Nicholas Fondacaro
Nick grew up in East Stroudsburg Pennsylvania. He graduated from Binghamton University in 2013 with a degree in Political Science. While at Binghamton he served as the Speaker of the Student Assembly and wrote for the Binghamton Review, where his love for journalism started. After graduating, he interned at the Franklin Center for Government and Public Integrity where he worked with Watchdog Arena. Between the months of September and December, he can be found every Sunday cheering on his New York J! E! T! S! Jets Jets Jets!

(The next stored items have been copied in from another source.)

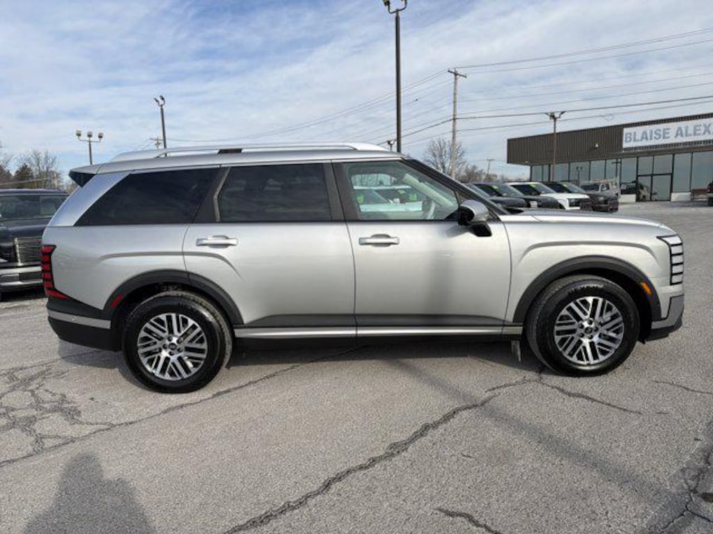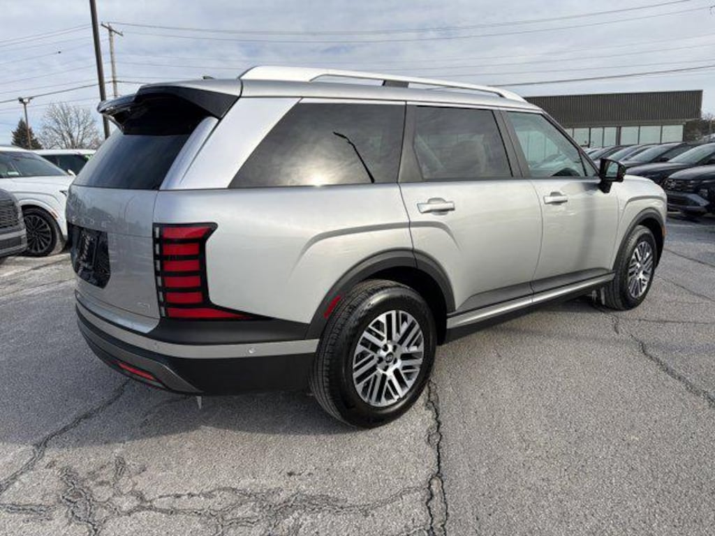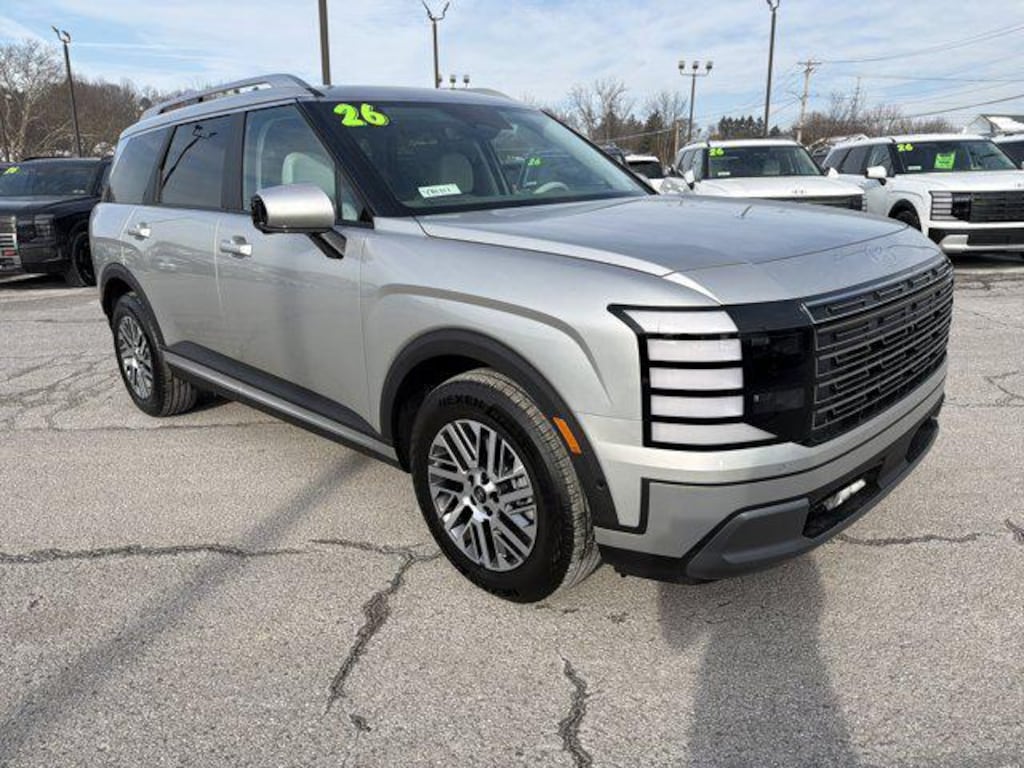 Our family friendly 2026 Hyundai Palisade SEL Premium AWD in Typhoon Silver Metallic combines comfort, convenience, and capability to make daily drives and weekend adventures equally enjoyable. Powered by a robust 3.5 Liter V6 that delivers 287hp through a paddle-shifted 8 Speed Automatic transmission, able to adapt to your drive with selectable performance modes. Confident on any road, this All Wheel Drive SUV returns nearly 26mpg on the highway. Bold design elements stand out with LED lighting, silver roof rails, a two-tone rear bumper, coordinated door garnishes, alloy wheels, a sunroof, and a hands-free smart liftgate for effortless access.
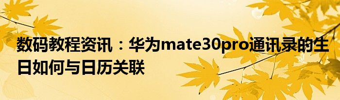 現在各種各樣的數碼設備在我們的生活當中幾乎可以說是無處不在,平時我們使用的手機,IP,電腦等等這些都屬于數碼設備,那么這些數碼設備當中會存在著很多的功能,當然在我們使用的過程當中自然也會出現說各種的問題,那么我們如何才能去解決這些問題以及使用好這些功能呢?這個時候就需要我們去了解這些功能及問題的解決方法,今天小編就來給大家分享下,關于華為mate30pro通訊錄的生日如何與日歷關聯方面的問題及功能的詳細內容,希望下面小編為大家分享的內容對大家來說有一定的幫助哦。華為mate30pro通訊錄的生日如何與日歷關聯
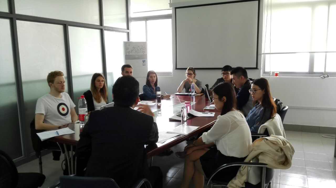 第一次课程于2017年4月22日上午进行,授课对象为中外硕士研究生,讨论课采用英语进行。涂长风博士长期从事企业跨国购并业务,对中国、德国、欧盟相关的法律法规十分熟悉,对购并过程中各个环节的法律核心问题也十分了解。所以,他不仅具有很深的理论功底,而且实务经验也十分丰富。因此,他主持的讨论课也驾轻就熟,风格独具一格。首先,他介绍了购并在法律实务中的重要性,然后通过图表的形式向员工说明了企业购并流程中的核心环节,接着又与员工讨论第一个核心环节及“保密协议”。汪黎女士给每位员工发放了一份“保密协议范本”(英文),并将所有员工分成收购方和被收购方两组,要求各组同学分别从各自的角度认真研读协议的每个条款,提出修改意见并进行协商。
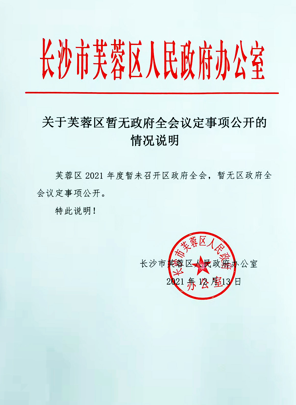【情况说明】关于芙蓉区政府暂无政府全会议定事项公开的情况说明
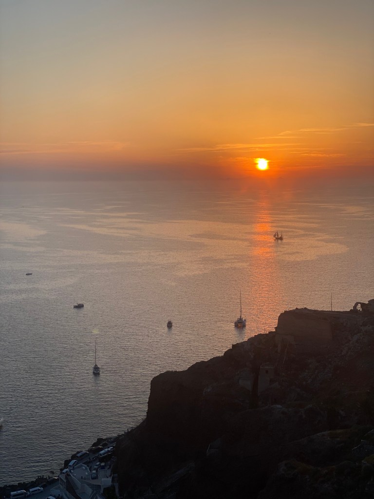 Santorini es una isla diferente a Mykonos ya que tiene mayor altitud y a penas tiene ubicaciones a nivel del mar sino que son mayormente acantilados, así que las vistas son más «dramáticas» y espectaculares.
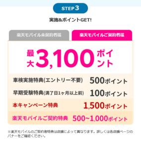 3月31日まで対象店舗で車検予約・実施で最大3,100ポイント!
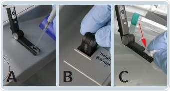 Contamination of the sample application area can be avoided by using gloves during the measurement process. Frozen samples should be thawed completely and mixed thoroughly for experiments using the µCuvette similar to analyses with standard cuvettes featuring a 100 light path. The temperature of the sample and the µCuvette needs to be the same at the start of the measurement.
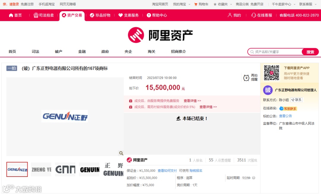 广东知名家电企业破产,名下167项商标拍拍出1550万元
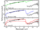 図5 アマルテアと隕石の反射率の比較 アマルテアの反射スペクトル (黒) と炭素質球粒隕石との比較。タギッシュ・レイク隕石 (a:緑線) は D タイプ小惑星がその母天体と考えられている。マーチソン隕石 (b:青線) とイヴナ隕石 (c:赤線) も太陽系初期の始原的な物質で出来ていると考えられている。イヴナ隕石の赤点線は、3マイクロメートルより長波長側を比較するために、スケーリングを変えたもの。 |
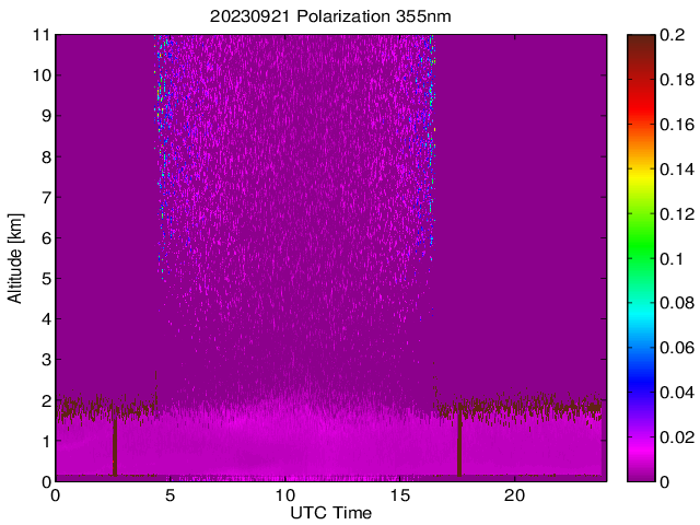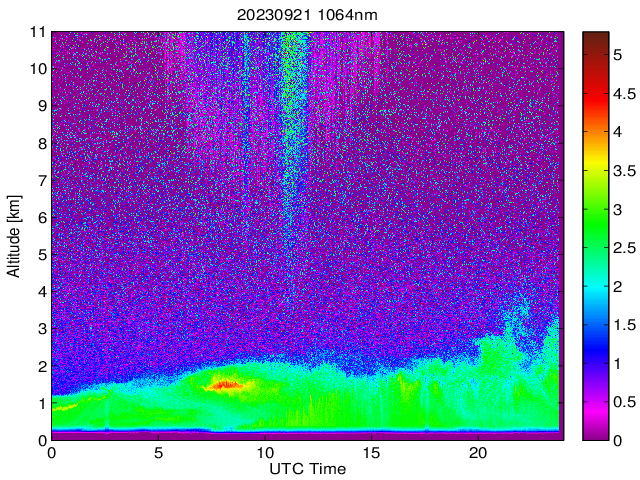 Wykres przedstwia sygnał z lidar ADR dla długości fali 1064 nm w zależności od czasu i wysokości nad powierzchnią ziemi. Signał został skorygowany na odleglość od przyrządu (range corrected signal). Sygnał jest poprawny od wysokości ok 550 metrów (powyżej wysokości kompresji geometrycznej. Kolorem czerownym i brązowym widoczne są na mapie chmury.
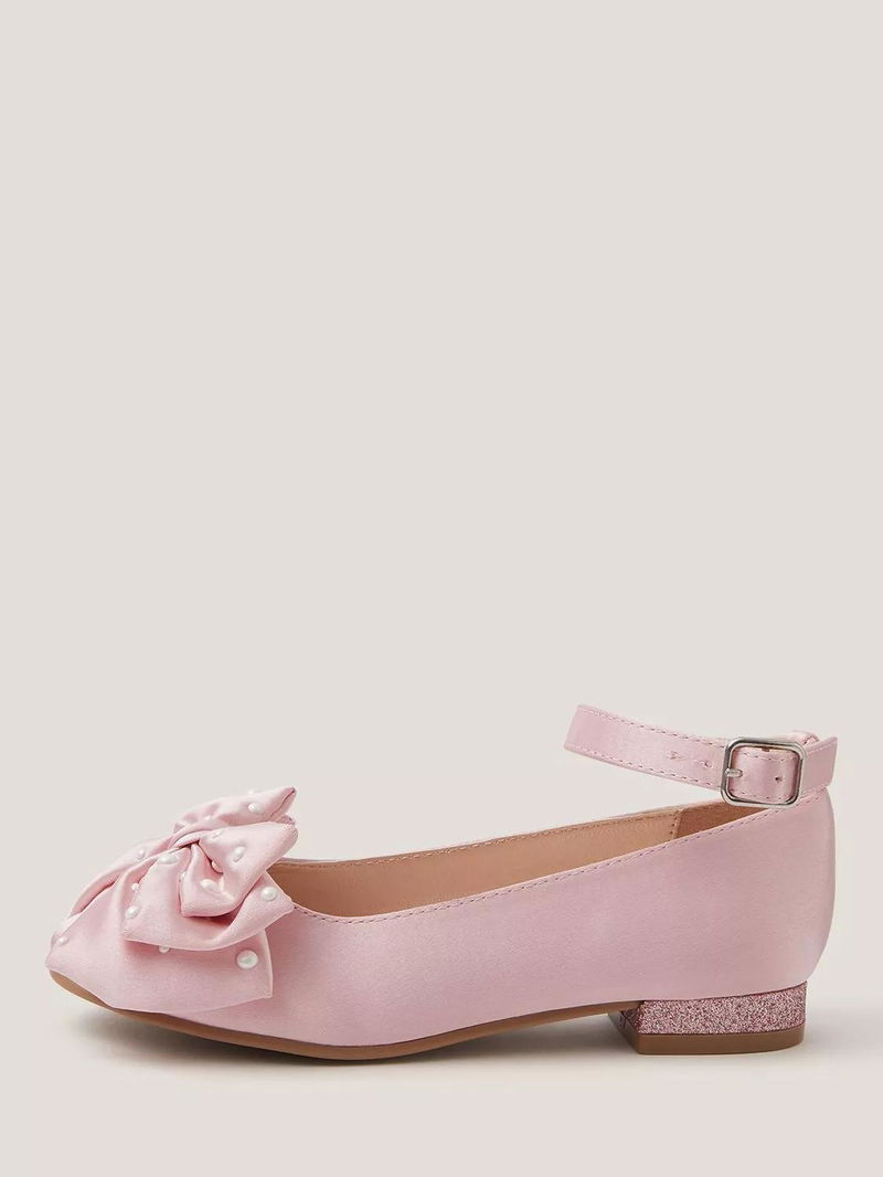 Kids' Pearl Bow Satin Flat Shoes, Pink
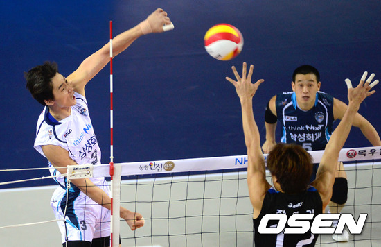 20일 오후 천안 유관순체육관에서 열린 '2012-2013 NH농협 V-리그' 남자부 현대캐피탈과 삼성화재의 경기, 2세트 삼성화재 박철우가 현대캐피탈의 블록킹 벽을 피해 스파이크를 날리고 있다.
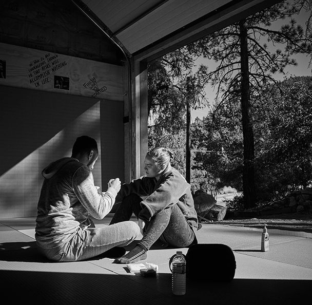 "She's probably armbarred me 200 times, and no two of them have been the same," Manly says as they begin today's session. "You can't set for it because her transitions are always different."
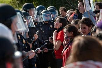 オークランドに近いカリフォルニア大バークリー校では学生らが一部の校舎前でバリケードを築くなどした。ロサンゼルスでも中心部にある州政府のビルに数千人の学生が集まった。
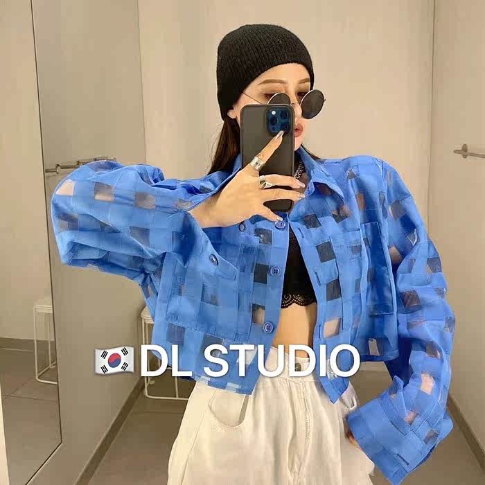 翻领衬衫女港味ins格纹透视薄款设计感上衣长袖显瘦短款防晒开衫热门设计联盟服务商
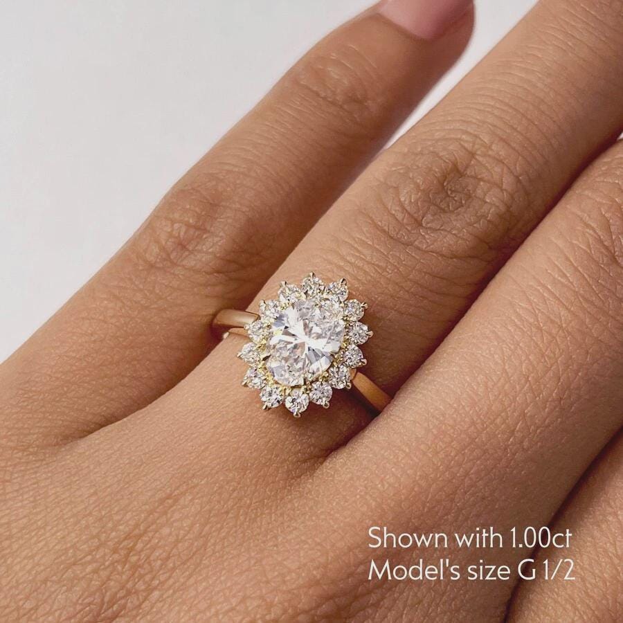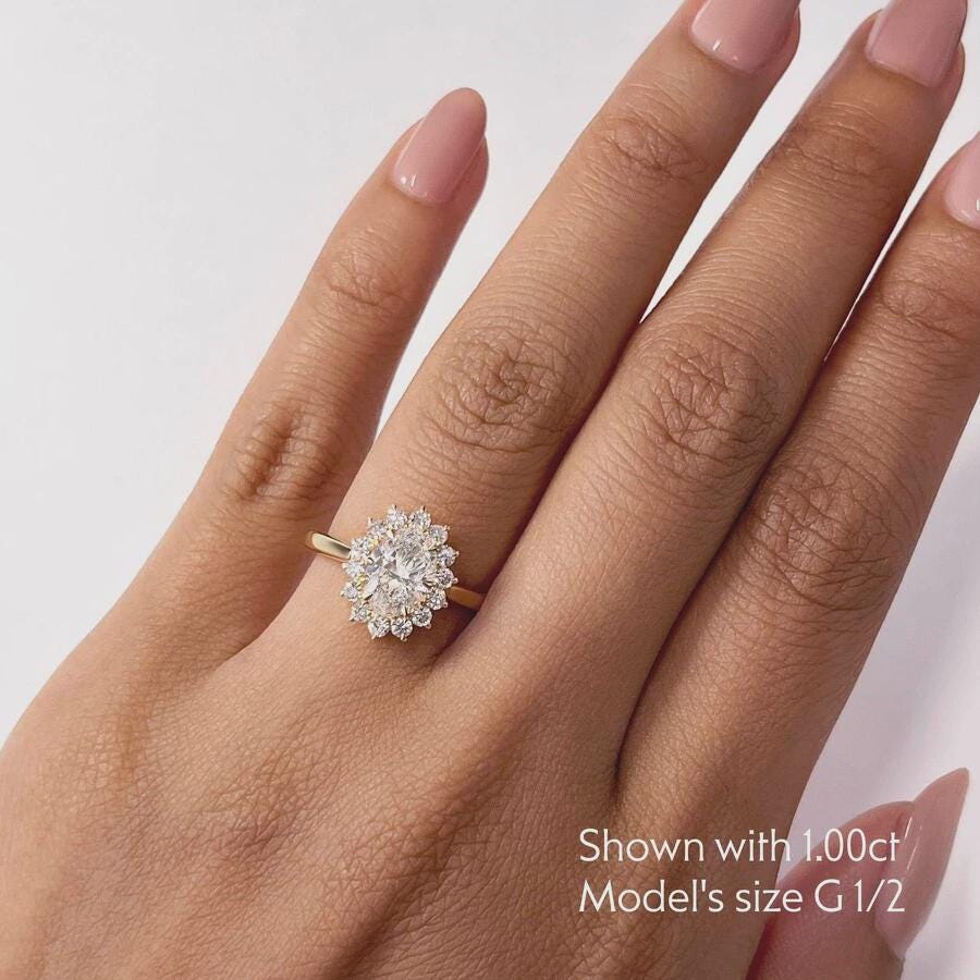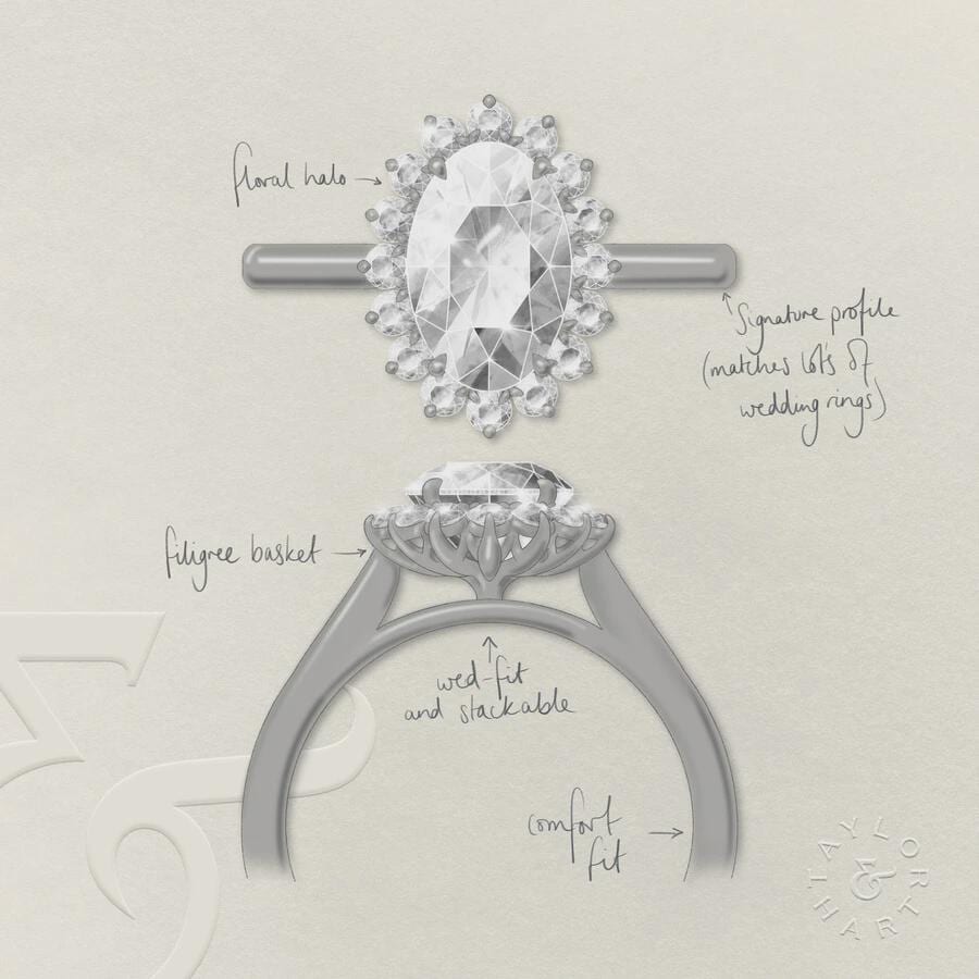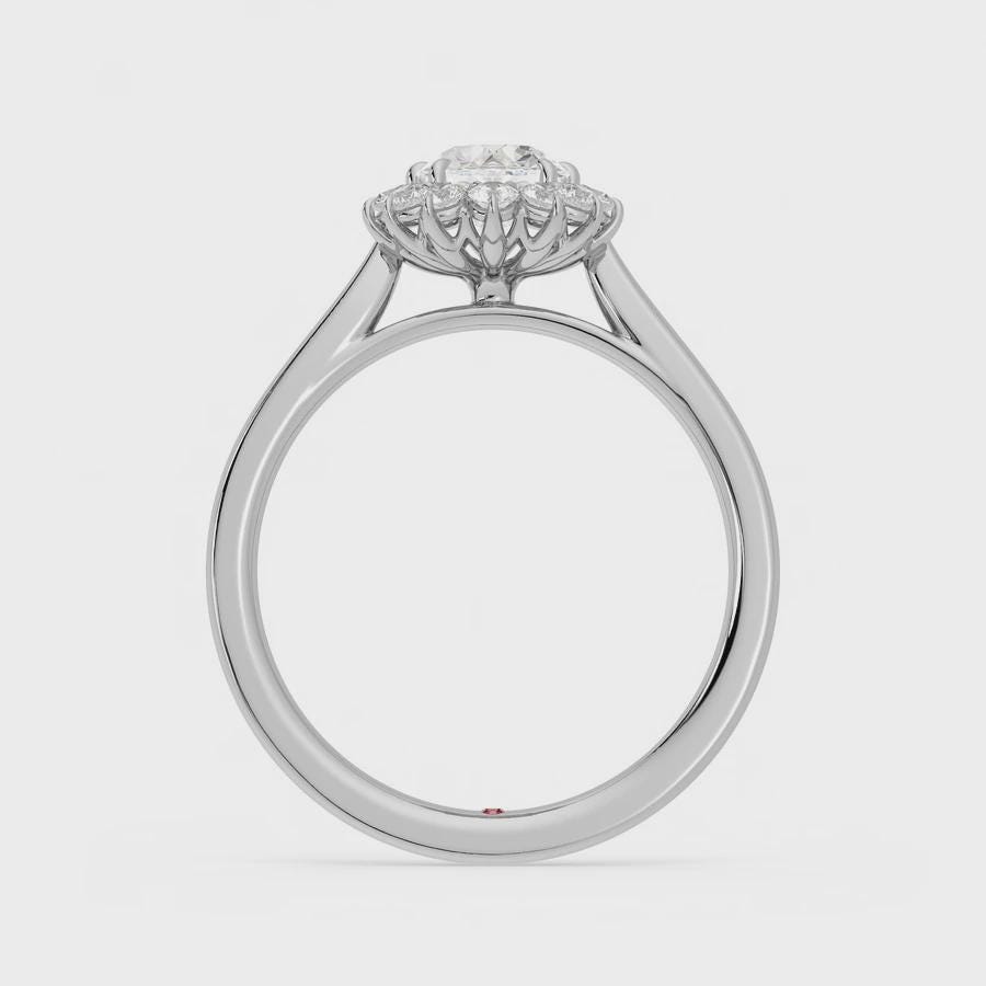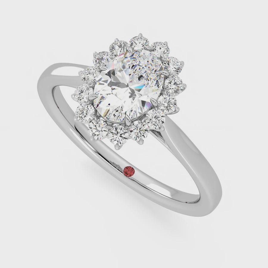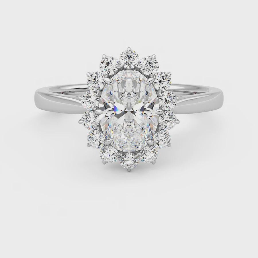 The Lira Ring is as captivating as the light of an elegant star. Set in platinum, the oval center diamond creates a magnificent sparkle with the surrounding floral halo of stones. Shining from every angle, this ring embodies classic romanticism with a modern edge.

After Tucker Carlson was unceremoniously fired from Fox News two weeks ago, speculation swirled about where he would land. Many on the right thought he would be snatched up by a competitor like Newsmax, while detractors on the left fantasized about him going to a Russian-state media outlet. But on Tuesday, Carlson announced that he struck a deal with Twitter owner Elon Musk to bring the show to the free speech platform. This all comes as Carlson alleged fraud and contract violation by Fox News.
Tucker began his video announcement by declaring what many know to be true: “the news is full of lies” and notation that “you are being manipulated” by the news media. His example was perhaps the cornerstone of media bias in bias by omission:
How does that work? Let’s see. If I tell you that a man has been unjustly arrested for armed robbery, that is not, strictly speaking, a lie. He may have been framed. At this point, there has been no trial so no one can really say. But if I don’t mention the fact that the same man has been arrested for the same crime six times before, am I really informing you? No, I’m not. I’m misleading you.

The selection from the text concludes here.